Falling into The Flaw, down, down, eternally. Then, somehow, he wasn't falling, he was floating, in a sea of stars. Drifting without direction, without orientation. That strangeness penetrating his mind, making it—mad? Stray thoughts: how foolish to travel through this maelstrom without a map! So he had conjured a map, or dreamed it up, and scratched a route on it. A route to Mouvar. That made so little sense, even in his madness, that he laughed and laughed—but nevertheless moved along that marked route, which now was a glowing band in the void ahe
ad. The band became a stream of light or of darkness, and a current carried him along. Until it became too swift, and he spun out or fainted or dropped into another level of madness.
Crawling up a slippery bank. Realizing suddenly that it was actually the muddy shell of a turtle as large as the Galapagos kind. Or larger. But not the tortoise on which the world was supported—wrong mythology. Maybe.
Running, falling, again hurting his sickeningly injured right hand. That hand was mangled horribly, dripping blood, sending pain messages in increasing waves. Trees, brush, rocks. Run, run, run.
Falling, falling, falling. Pain.
Something silver, long. A rope? He reached out his left hand, his working hand.
A loud hissing sound and the rope undulating. Jaws of a serpent, opening wide. A drop of clear venom hanging on a fang and then dropping.
Pain, pain pain.
Screaming. His own.
Now a flower gently tapping the head of the serpent. A blue-and-pink blossom resembling a cross between a violet and a wild rose. A stubby-fingered hand, holding the stem.
The serpent's jaws closing. The serpent settling down, sliding away.
Now a face above the hand holding the blossom. Very blue eyes and very large ears like a puppy's. Gerta's. She looking down at him, her mouth making a moue and her eyes squeezing. A tear running down her face.
Flower petals touching his forehead, gently, gently stroking. A flower scent a little like a poppy's, soothing his tired mind, easing the long pain. A puppy with a poppy! Pained laughter. Oblivion, again.
He shook himself mentally.

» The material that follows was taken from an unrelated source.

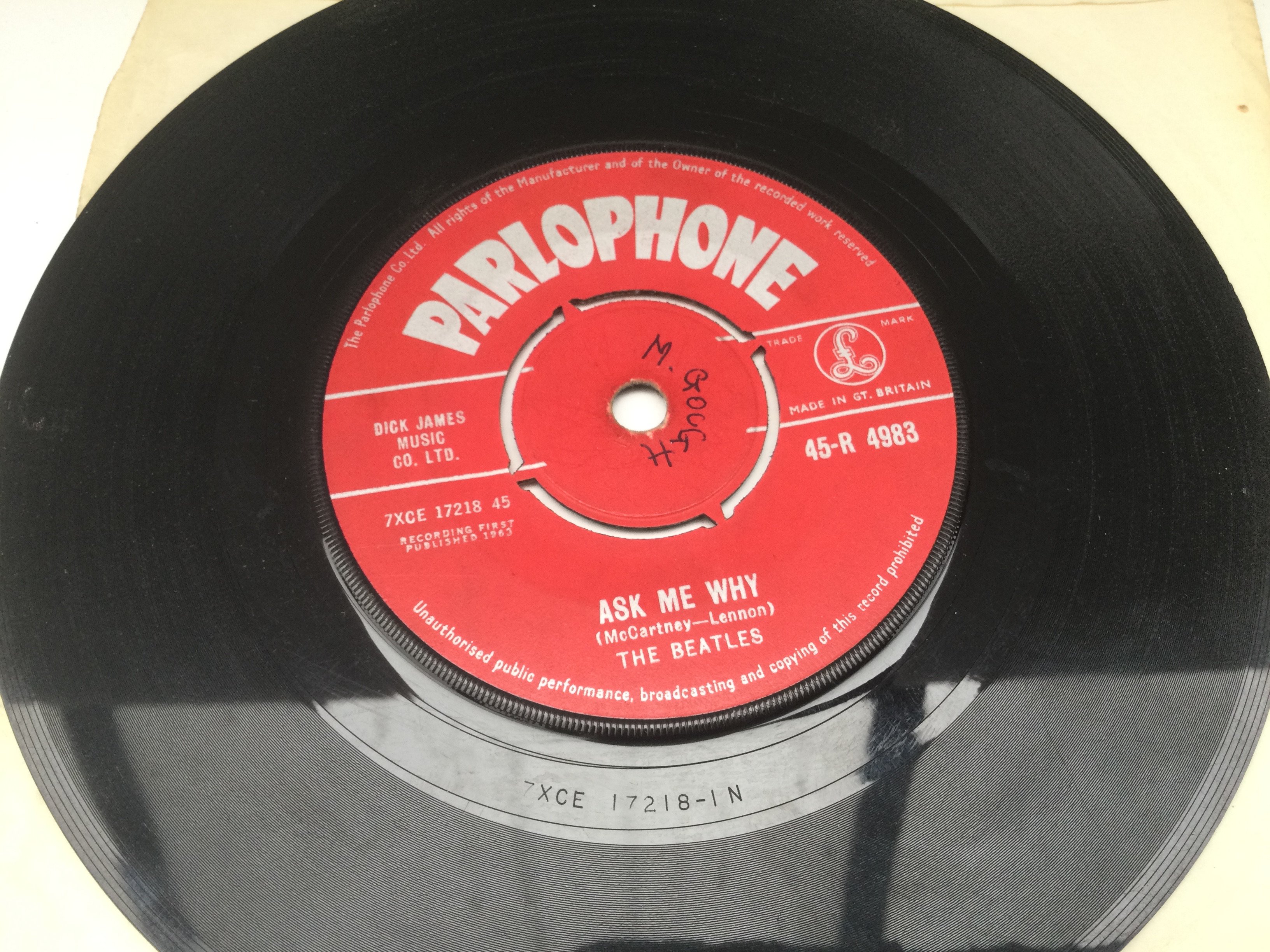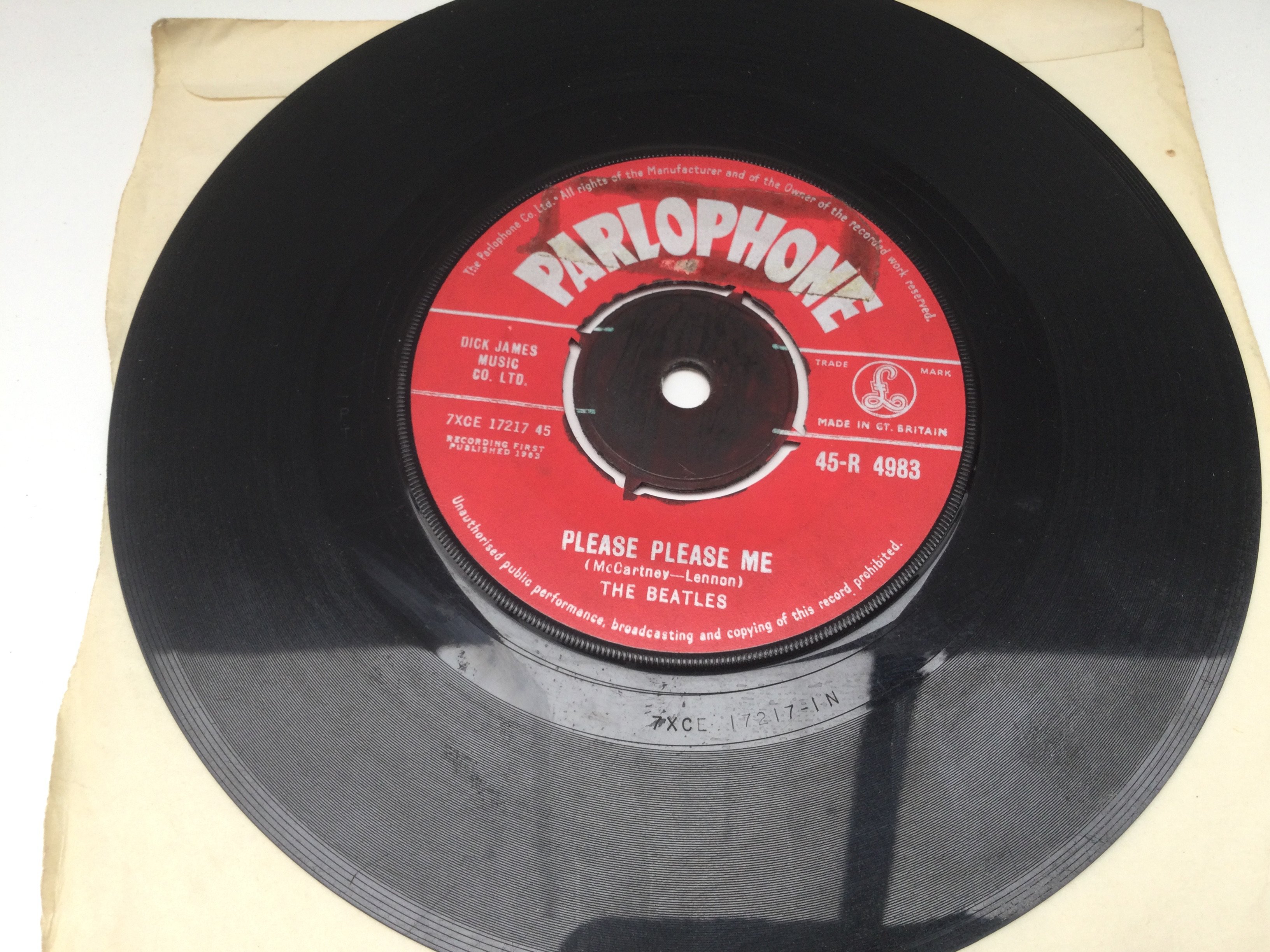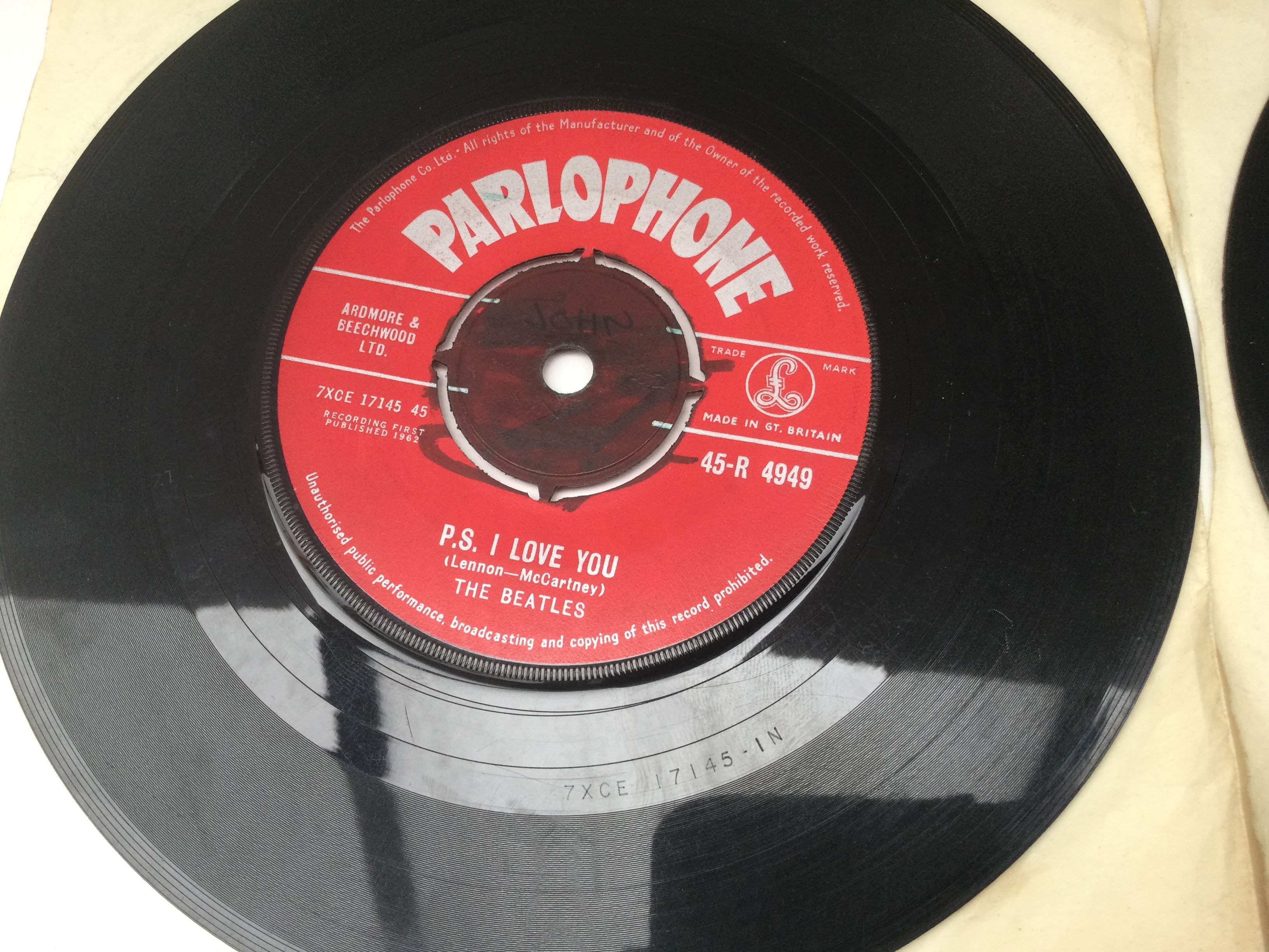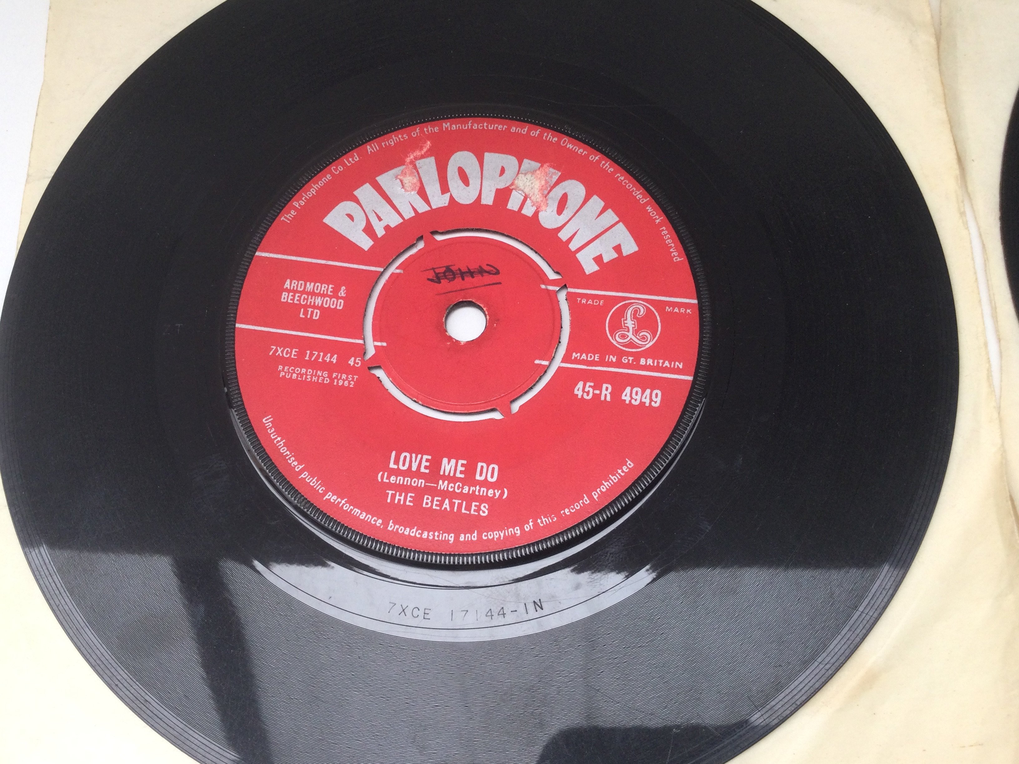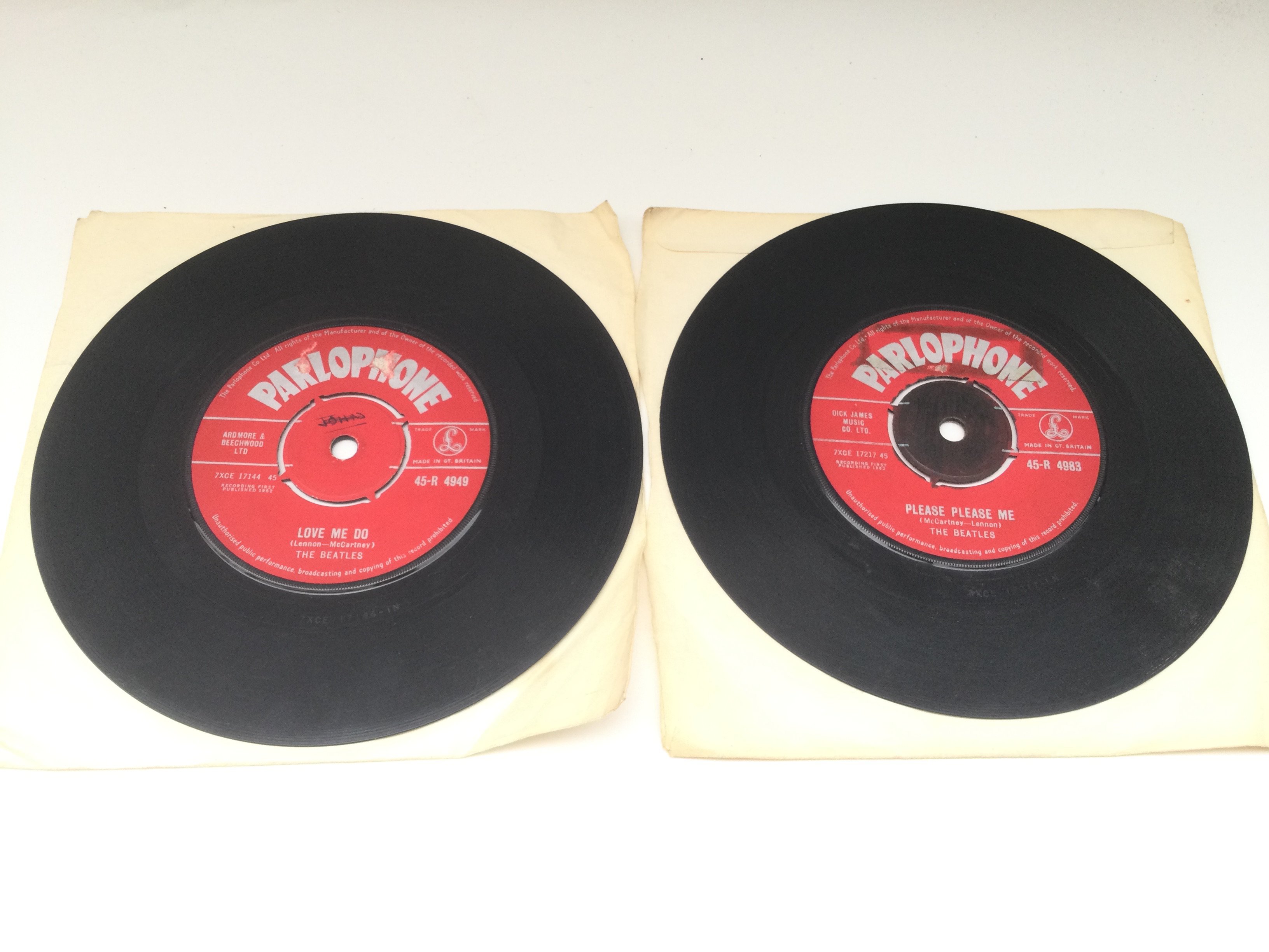 Two early UK pressings of Beatles 7" singles comprising red label issues of 'Love Me Do' and 'Please Please Me'. Both with Made in Gt Britain label text and The Parlophone Co Ltd rim text. ZT tax code for 'Love Me Do' indicating a pre November 1962 pressing. Scratch to the run out grooves on side A, writing and pen marks on label for Love Me Do. No scratches on Please Please Me but similar writing and pen marks to label.

It had been so dreamlike, and yet so real. It was more than a hallucination, or else hallucination could return in memory with entirely too much reality.
This was really Gerta. This room that was lighted by large phosphorescent toadstools placed all about. Walls that were rock, and apparently solid rock. It was like a room in a cave or cavern, but the walls were smooth. Laser construction here? Or magic?
"You wish to eat?" Gerta asked.
"Please." The language was the same, at least. Strangely, it seemed like other things to vary only slightly from frame to frame. Perhaps not so strange, if it indicated that man had spread out from a common origin and colonized the several frames. Obviously there had been travel between them, because Mouvar had sown his legend among the pointears in Hud, and if those legends were to be believed, Mouvar hadn't been the first. How could he have predicted the uniting of kingdoms if there were no kingdoms to unite? Roundear and pointear could interbreed; he had proved that! That meant they were closely related species. But these flopears, now—how close were they?